The adversarial verification stage (S6) is conceptually clever but mechanically unfinished. A separate model receives findings from S4-S5 plus the original code and is prompted to argue why each finding is a false positive. The output is logged, but there's no tiebreaker logic. If the researcher model says 'SQL injection in login handler' and the verifier model says 'parameterized query is safe,' both opinions land in the SARIF output as separate findings—you still triage manually.

Gotcha

VVAH requires organizational context to function as designed. Stage 1 ingests CMDB mappings (which repos handle PII, PCI data, admin functions) and control inventories (which systems enforce MFA, which deploy to prod without review). The README's truncated snippet shows CSV/JSON schemas for these feeds, but if your org doesn't maintain a CMDB or you can't export it in VVAH's expected format, you're building parsers before you analyze a single repo. For teams without this infrastructure—most startups, many mid-size companies—you're either stubbing out S1 with manual annotations or skipping the threat-modeling benefit entirely.

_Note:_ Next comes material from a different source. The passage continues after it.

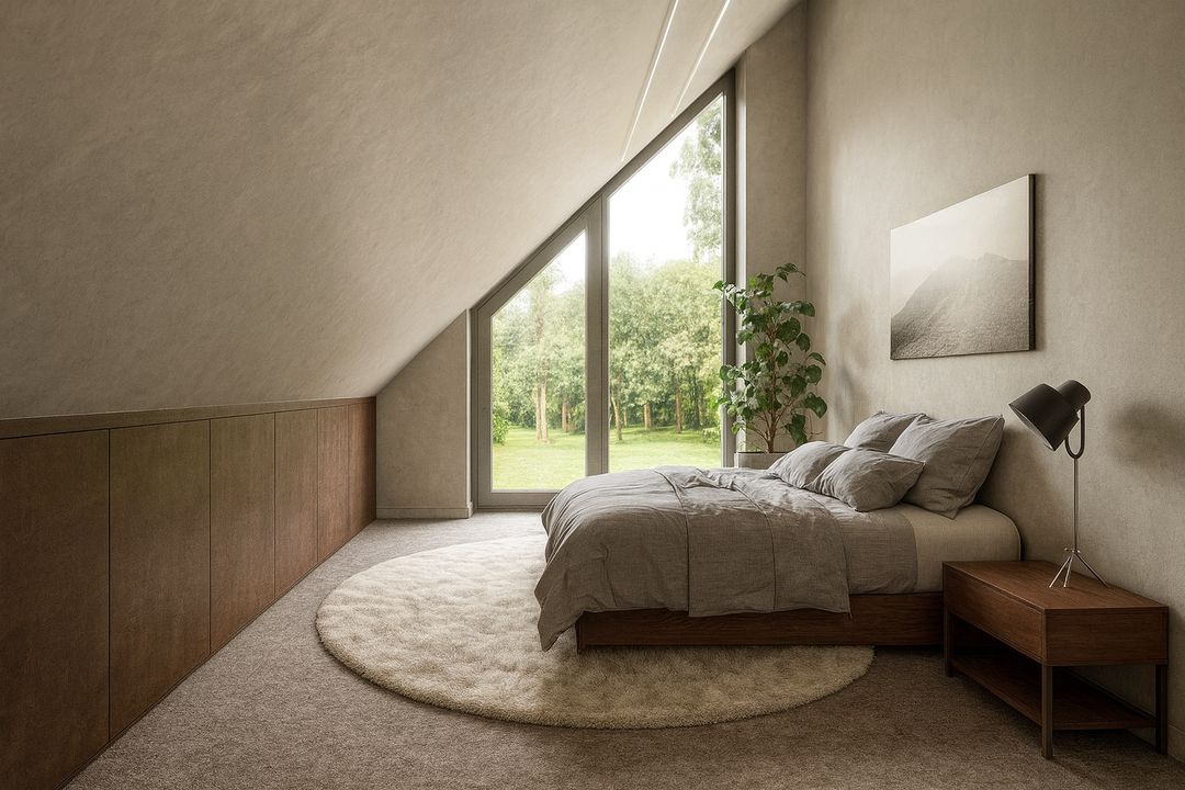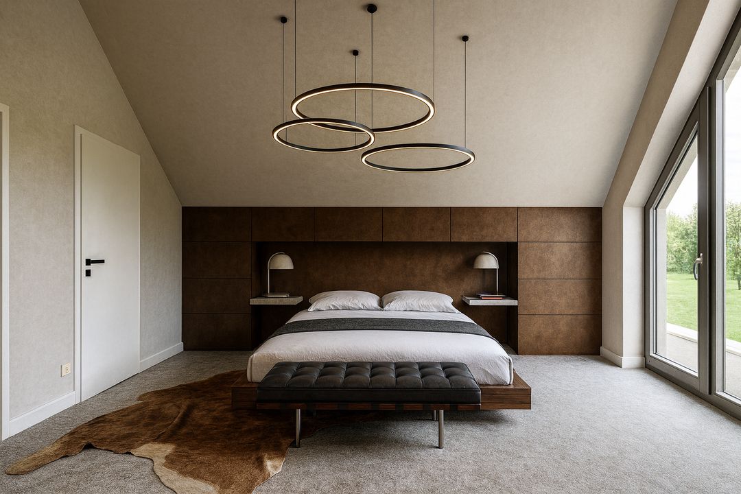 Na górnym poziomie strefę nocną z master bedroom - sypialnią gospodarzy.

The tool explicitly warns it runs with elevated privileges and must only analyze trusted repositories. There's no sandboxing, no capability dropping, no filesystem isolation. If you point VVAH at a malicious repo with a poisoned dependency that exfiltrates data during import, you're compromised. This isn't negligence—the team is honest that they built this for internal use where Visa controls the repository sources—but it means you can't safely add this to a public GitHub App or run it on community contributions. You need dedicated, hardened analysis infrastructure, which most teams lack.

Reproducibility is impossible beyond 'same models and config were used.' Two scans of identical code with identical settings will produce different findings because LLMs are non-deterministic. The voting mechanism reduces variance for backends that support it, but the CLI backend (which is the default profile, since it requires no API keys) runs single-pass. A finding might appear in Monday's scan and vanish from Tuesday's scan of the same commit. The manifest doesn't log enough—no prompt versions, no sampled reasoning chains, no token-level generation parameters—to debug why. For compliance regimes requiring auditable, deterministic results, this is disqualifying.

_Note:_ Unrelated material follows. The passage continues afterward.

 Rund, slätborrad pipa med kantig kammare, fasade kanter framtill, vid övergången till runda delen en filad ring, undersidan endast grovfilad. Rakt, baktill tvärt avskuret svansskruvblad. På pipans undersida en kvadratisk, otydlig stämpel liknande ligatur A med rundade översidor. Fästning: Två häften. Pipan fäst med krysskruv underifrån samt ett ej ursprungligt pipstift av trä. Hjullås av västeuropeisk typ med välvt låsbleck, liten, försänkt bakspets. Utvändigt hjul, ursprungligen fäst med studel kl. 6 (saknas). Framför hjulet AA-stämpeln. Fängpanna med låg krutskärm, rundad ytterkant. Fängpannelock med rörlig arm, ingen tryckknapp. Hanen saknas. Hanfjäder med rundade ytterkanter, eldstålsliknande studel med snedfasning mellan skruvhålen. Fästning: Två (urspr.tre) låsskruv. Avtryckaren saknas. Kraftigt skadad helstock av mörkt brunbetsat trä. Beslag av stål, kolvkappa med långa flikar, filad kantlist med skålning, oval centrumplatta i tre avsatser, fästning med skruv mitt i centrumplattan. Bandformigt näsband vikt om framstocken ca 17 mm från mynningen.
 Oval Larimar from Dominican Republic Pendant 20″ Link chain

Finally, there are no published precision or recall metrics. The README frames findings as 'triage candidates' rather than confirmed vulnerabilities, which is honest, but without ground truth comparisons to manual audits or commercial SAST tools, you can't calibrate trust. Is a 10% true positive rate acceptable? 50%? You won't know until you've burned hours validating findings. The team open-sourced their internal tool, not a productized offering with SLAs.

Verdict

Use if: You're a security engineering team at an enterprise with existing CMDB infrastructure, you already budget for LLM API costs in five figures annually, and your bottleneck is triaging findings across dozens of repositories rather than analyzing a handful deeply. The threat-modeling-first workflow and SARIF output make sense if you're feeding results into Jira, ServiceNow, or Splunk SOAR. The multi-backend flexibility is real—you can mix proprietary and open-source models, run local inference for sensitive code, and avoid vendor lock-in. Treat VVAH as a reference architecture: even if you don't deploy it verbatim, the skills-and-roles abstraction and nine-stage pipeline are worth studying if you're building agentic security tooling.

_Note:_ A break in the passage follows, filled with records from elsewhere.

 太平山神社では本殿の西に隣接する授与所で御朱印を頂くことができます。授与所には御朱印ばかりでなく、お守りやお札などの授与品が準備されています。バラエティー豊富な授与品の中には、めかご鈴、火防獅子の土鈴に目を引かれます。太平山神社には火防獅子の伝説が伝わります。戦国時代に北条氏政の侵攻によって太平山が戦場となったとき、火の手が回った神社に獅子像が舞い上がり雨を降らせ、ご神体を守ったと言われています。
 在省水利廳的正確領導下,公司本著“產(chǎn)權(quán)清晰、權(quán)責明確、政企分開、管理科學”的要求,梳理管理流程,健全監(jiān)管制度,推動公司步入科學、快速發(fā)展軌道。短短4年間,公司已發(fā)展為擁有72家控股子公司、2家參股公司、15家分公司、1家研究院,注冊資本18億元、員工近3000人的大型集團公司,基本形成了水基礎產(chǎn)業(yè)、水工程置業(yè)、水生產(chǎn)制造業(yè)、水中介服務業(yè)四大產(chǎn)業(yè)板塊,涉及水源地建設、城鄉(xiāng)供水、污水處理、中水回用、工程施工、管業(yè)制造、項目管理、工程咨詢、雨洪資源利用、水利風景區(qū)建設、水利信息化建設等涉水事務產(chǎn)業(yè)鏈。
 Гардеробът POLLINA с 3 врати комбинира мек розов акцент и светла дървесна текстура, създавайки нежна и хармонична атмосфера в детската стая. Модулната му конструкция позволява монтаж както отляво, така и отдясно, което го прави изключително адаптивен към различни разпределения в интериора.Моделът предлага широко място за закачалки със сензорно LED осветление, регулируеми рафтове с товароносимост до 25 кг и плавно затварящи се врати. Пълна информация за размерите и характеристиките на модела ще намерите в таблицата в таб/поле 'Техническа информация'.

Skip if: You lack organizational context feeds, can't run code analysis tools with elevated privileges in isolated environments, or need deterministic results for compliance. Most teams will get more value from Semgrep Pro (deterministic, established false positive rates, scales to monorepos) or GitHub Copilot Autofix (LLM assistance on proven CodeQL findings) than wrestling with VVAH's non-determinism and setup complexity. If you're a solo developer or small team, the nine-stage orchestration is over-engineered—just prompt Claude or GPT-4 directly in a CI script. This is a research artifact from a sophisticated security org open-sourcing their internal tooling, not a drop-in SaaS. You're committing to ongoing maintenance, prompt engineering, and model evaluation without published benchmarks to guide you.